Hi Alexi, with normal I meant the format where each sequence is on exactly one line following the sequence name (I guess this is also called sequential format). With multi-loci format I meant multiple phylip files concatenated together in one file.

Interleaved phylip (sequences are on multiple lines and continue after all taxa are defined), if this is what you mean with relaxed, is not supported although it is only a couple of additional rules in the bison grammar file -- can add it if you like.
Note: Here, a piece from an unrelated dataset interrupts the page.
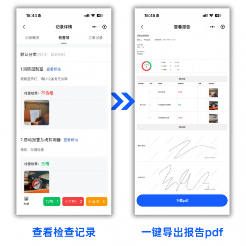 所有记录自动归档,总部可随时抽查;还可一键导出完整报告,为消防安全管理的优化提供依据。

stamatak commented 8 years ago

yes please add the relaxed format, which allows taxon names of arbitrary length, followed by one or more whitespaces, followed by the sequences in either sequential or interleaved format, it's the de facto standard now,

alexis

On 01.04.2016 11:26, Tomas Flouri wrote:

Hi Alexi, with normal I meant the format where each sequence is on exactly one line following the sequence name (I guess this is also called sequential format). With multi-loci format I meant multiple phylip files concatenated together in one file.

Interleaved phylip (sequences are on multiple lines and continue after all taxa are defined), if this is what you mean with relaxed, is not supported although it is only a couple of additional rules in the bison grammar file -- can add it if you like.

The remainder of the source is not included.